Our contractor is PR Green Tech Corp. Julio Correa, the owner, is friendly and attentive, and appears to be quite devoted to his avocation. I hope this will serve us into the future as technologies evolve.

Saturday, October 3, 2009

restart

After most of a year of delay, I have restarted my solar home project.
Yesterday (October 2), I gave a presentation on home solar power at a local parochial school, "Nuestra Señora de Carmen", in Hatillo, PR. I was very impressed by the abilities and interests of this group of 11th graders. They asked a lot of interesting questions, and in this post, I will begin to address them. We start with anticipated power cost savings.

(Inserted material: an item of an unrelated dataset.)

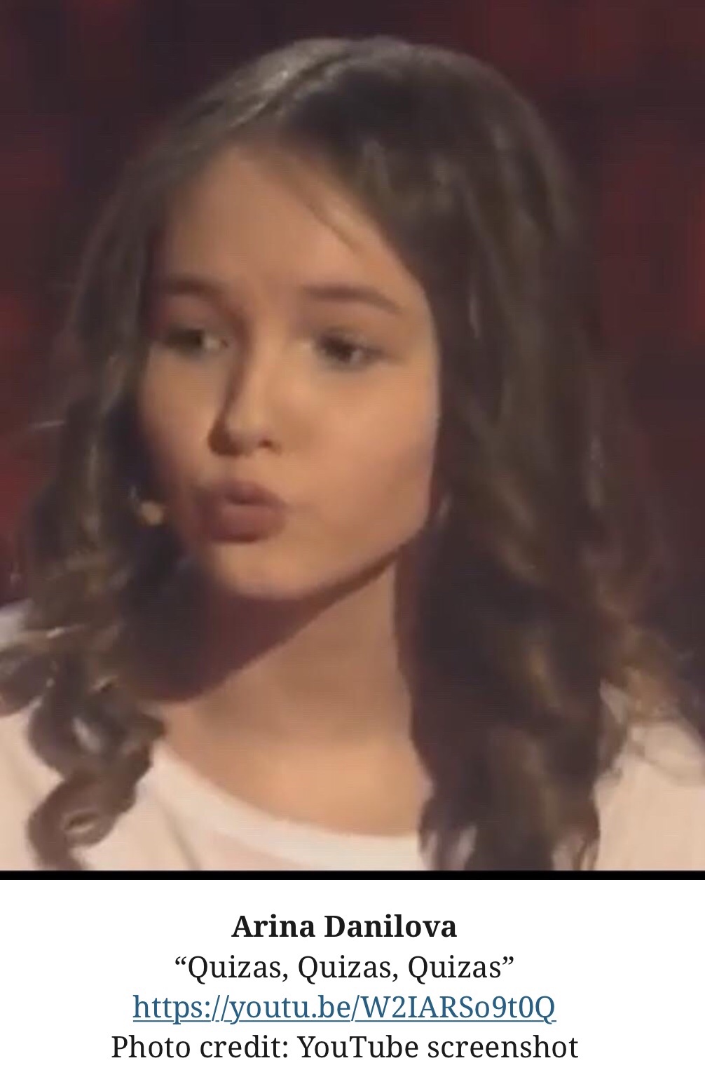 Arina Danilova was born on December 25, 2003 (age 17) in Russia. She is a celebrity youtube star. She is a YouTube content creator and social media influencer who rose to fame by publishing video blogs on her self titled YouTube channel. She has gone on to garner more than 2.2 million subscribers on the platform. An example: “Quizas, Quizas, Quizas” https://youtu.be/W2IARSo9t0Q (RQ 10).

The simple calculation is to estimate how many kilowatt-hours per month my system will produce and how much electrical power will cost over the coming years. We are installing a 2kW system. We can reasonably expect to have full sun on the panels for 6 hours/day, 25 days per month, which adds up to 150 h/month. We currently pay 20¢ per kWh, so this will be worth $30/month. At this rate, we will reduce our electric bill by $360 a year, or $3600 over 10 years, and it will take about 20 years to pay off our ultimate construction cost, which is close to the 25-year 80% efficiency lifetime of the panels. (A total cost of $7200 includes the tax credit we expect to receive from the PR government.) In reality, it may take 25–30 years to pay off the system.

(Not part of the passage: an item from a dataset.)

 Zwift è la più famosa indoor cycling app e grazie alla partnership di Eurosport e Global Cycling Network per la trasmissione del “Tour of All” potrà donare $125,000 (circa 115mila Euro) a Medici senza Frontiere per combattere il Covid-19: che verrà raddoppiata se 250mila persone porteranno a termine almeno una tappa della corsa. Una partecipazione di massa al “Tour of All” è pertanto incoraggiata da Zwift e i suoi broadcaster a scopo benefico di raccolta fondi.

The above calculation makes a big assumption: that electricity costs will not go up. However, only a little over a year ago we were paying close to 30¢ per kWh, and this cost will increase in the coming years. The question is, by how much? This is a big problem to estimate, as electric power costs do not change with any predictable pattern. We can assume that these costs have bottomed out, given the state of the economy, the environment, and of known reserves of petroleum (see this link for estimates of future petroleum costs) (in PR there are currently no other sources of electricity). If electrical power averages 30¢ per kWh over the next 10 years, we will save $5400 rather than $3600.

I will do some more research on electricity costs. In future posts I will touch on changes in our plans, solar-thermal power, and wind power.